Katy Kinard – I Remember What Really Happened

Veteran teller Katy Kinard tells us of remembering what really happened during those times when everyone was praising her–things involving fires and strip poker. 

“(Gasp) I can’t believe this kitchen!  You girls are the BEST kids!  Sara, you need to invite Katy to spend the night more often!”

I stood with my middle-school-best-friend in a room filled with the smell of strong Pine sol and success – and a big smile on my face.  Sara’s mom went on and on about how shiny the counters looked, how clean the floors – all the dishes washed and put away – and we “even cleaned the oven??” What kind of angels were we??  She had given us permission to cook ourselves breakfast while she went off to work that morning… but for us to go above and beyond cleaning up after ourselves… I mean, we were celestial.

But I remember… what really happened that day.
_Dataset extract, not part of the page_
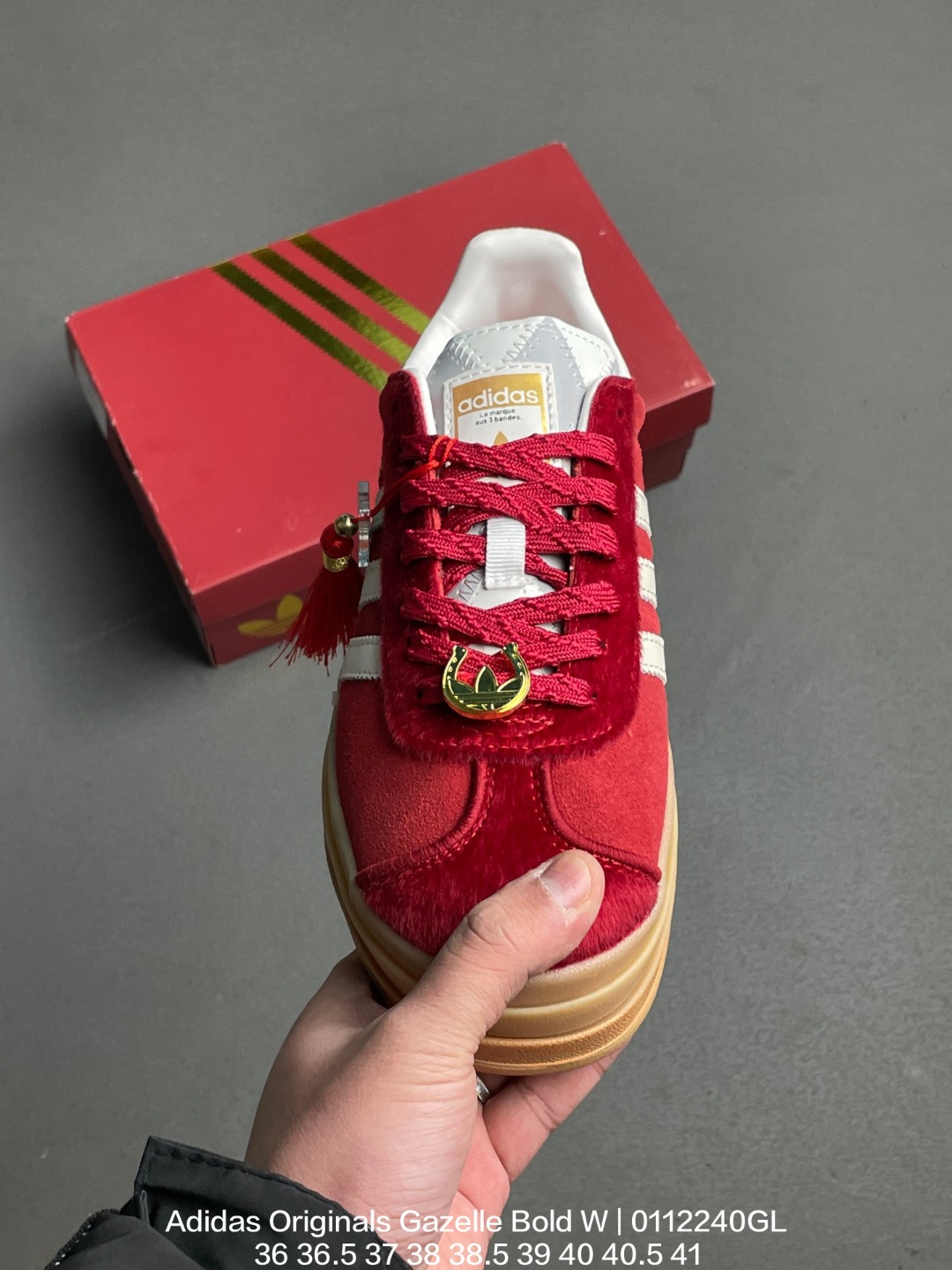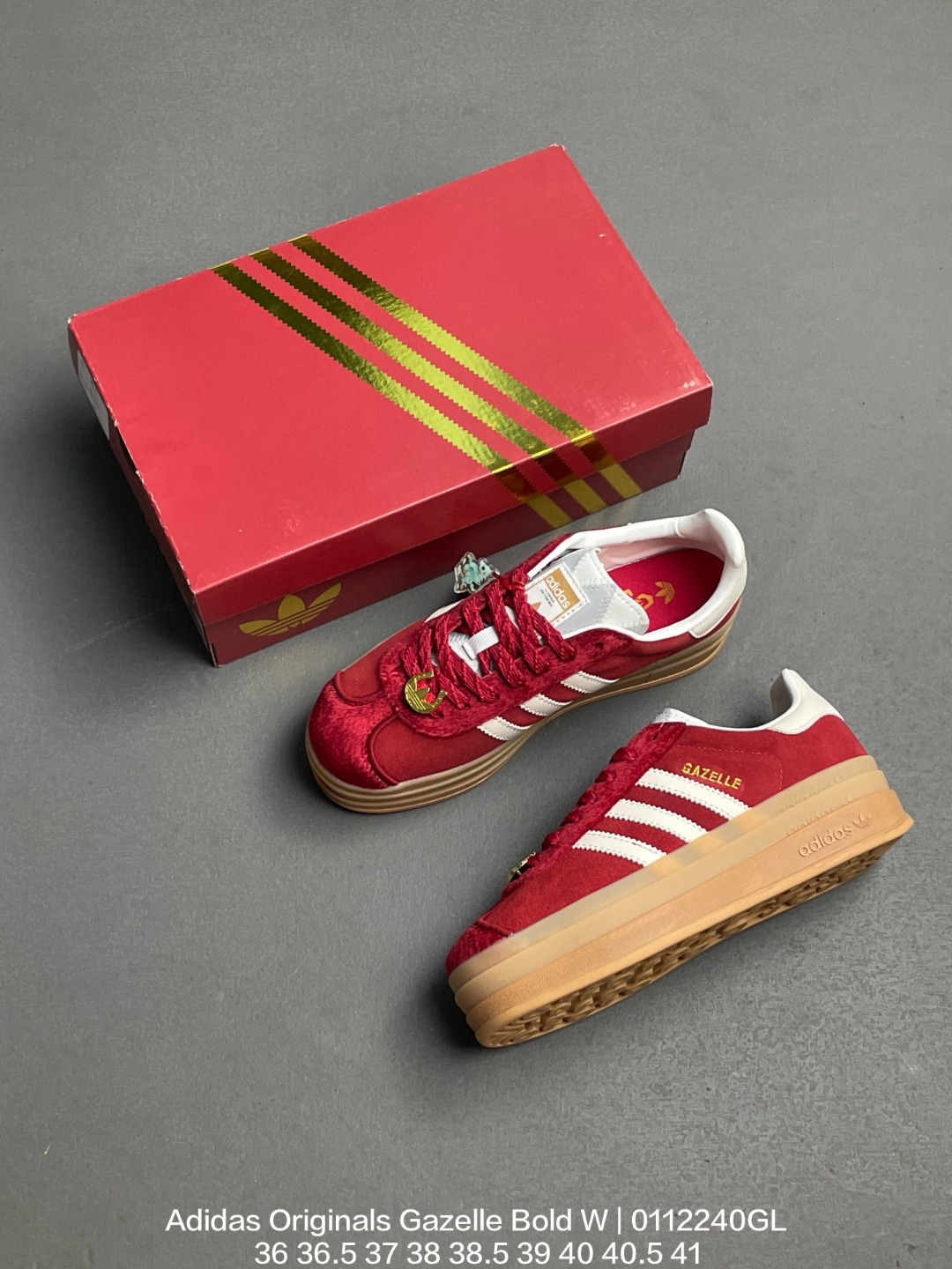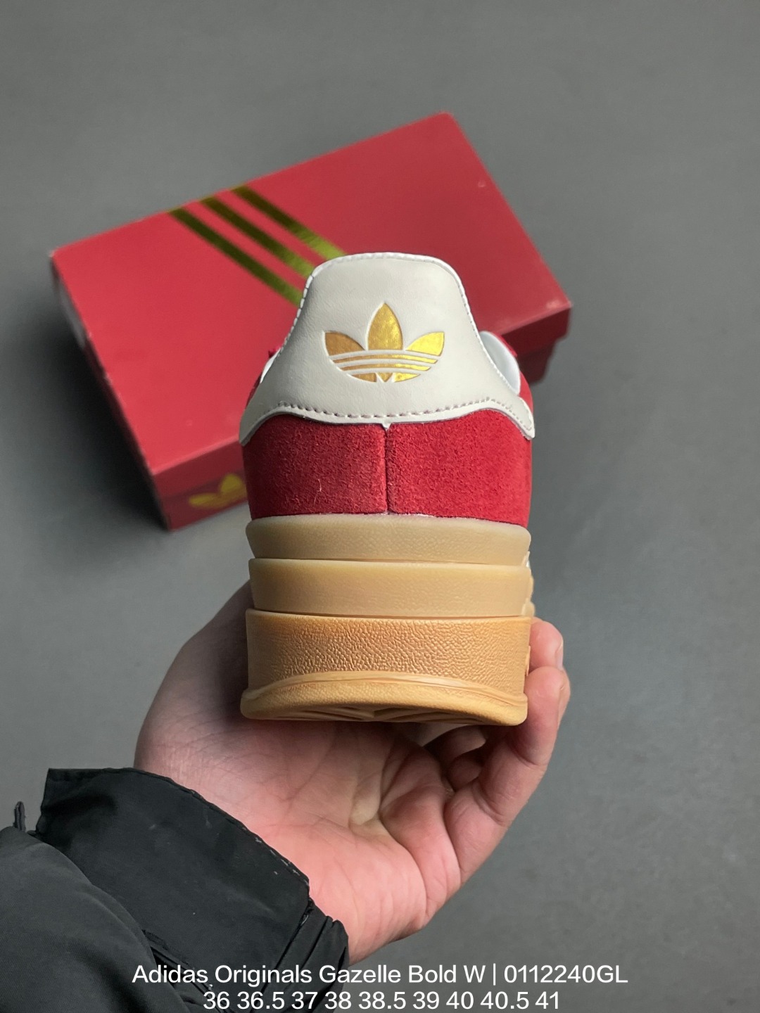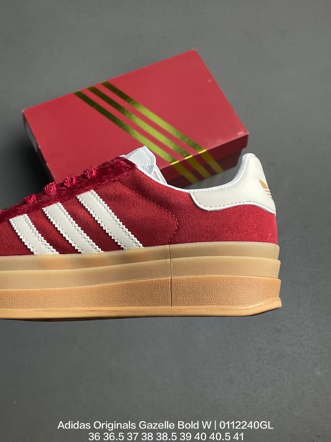 Adidas 阿迪达斯 采用翻毛皮组合纤维革鞋面材质 外置加厚橡胶大底三层松糕 女生绝对爱 阿迪达斯Adidas Originals Gazelle Bold W 羚羊松糕系列复古百搭厚底增高低帮休闲运动板鞋
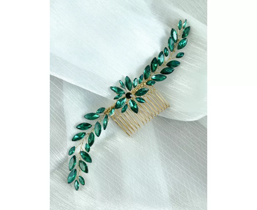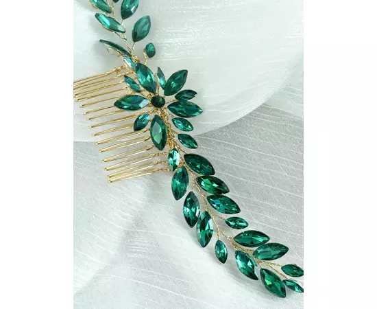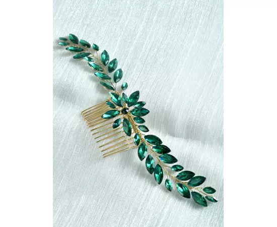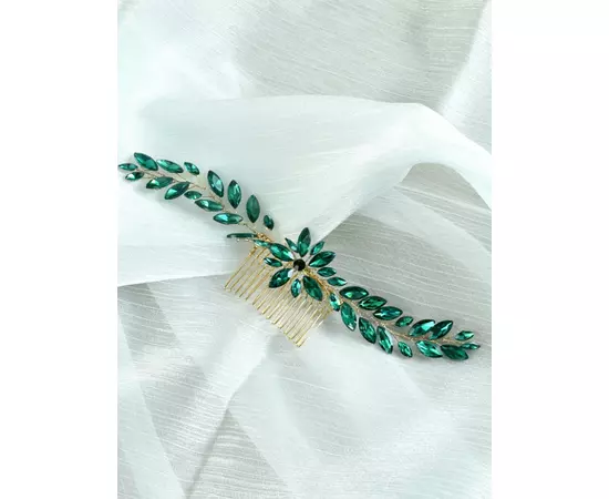 Pieptene Mireasa Auriu cu Strasuri Verzi 20x2cm - 01676

We were watching old re-runs of Saved By the Bell, and they must have been amazingly distracting episodes.  I also remember her dog playing with us and Sara explaining in great detail how the poor little pugs eyeballs had been operated on several times as they kept falling out of his eye sockets, and this was way more disturbingly enthralling… than the smoke billowing out of the kitchen.

Sara’s parents had a gas stove, and if you have one, you know the broiler has actual fire spread out above the food it’s broiling.  WE thought it’d be a great idea to empty an entire package of bacon into the broiler…apparently we were hungry… and we wanted it good and crispy.


It suddenly hit us that we had forgotten about the bacon altogether, and we ran into the kitchen to find visible flames peeking out of the sides of her oven along with the smoke – and a large pool of grease running out onto the kitchen floor.

We jumped around screaming in hysterics… That didn’t work, so we argued about who would pull out the broiler drawer and who would put out the fire, and we searched for a fire extinguisher.  It didn’t help when we found it, because we couldn’t figure out how to use it, so Sara’s idea was that I would open the oven and she would pour a giant pot of dirty dishwater onto the greasy fire.

I deliberated with her about this proposed plan.  I went into a story about how my mom said baking soda was a good idea to pour on a grease fire… and I ran around throwing every cabinet open, muttering like a mad man, “Baking soda baking soda baking soda!  Where’s your baking soda!  Why do you people have no baking soda??”

Sara, the cooler one of the two of us, thought this was the dumbest thing she ever heard.  “Forget about F-in baking soda – We have to put out this fire!”  She opened the drawer and dumped the water all over the bacon, causing the flames to retaliate in anger and shoot up toward the ceiling, spreading out across the upper cabinets, while grease and water and burning bacon slices flew all over the kitchen floor.

I was very much torn between caring about this problem – and saving my life… as I recalled the fact that this was a GAS stove and could probably blow up at any moment.  I think twice I ran outside into the winter air and the piled up snow mounds and debated whether I should save myself and run – or stay with my friend.

I stopped being cowardly and ran inside to further search for baking soda as Sara pulled out screws and pieces of the fire extinguisher and slammed it against the counter until it finally busted enough to produce blue foam.  At this moment, I found a full bag of flour in the cabinet and ran over as Sara put out the fire with the blue foam and I dumped the entire bag of flour on top.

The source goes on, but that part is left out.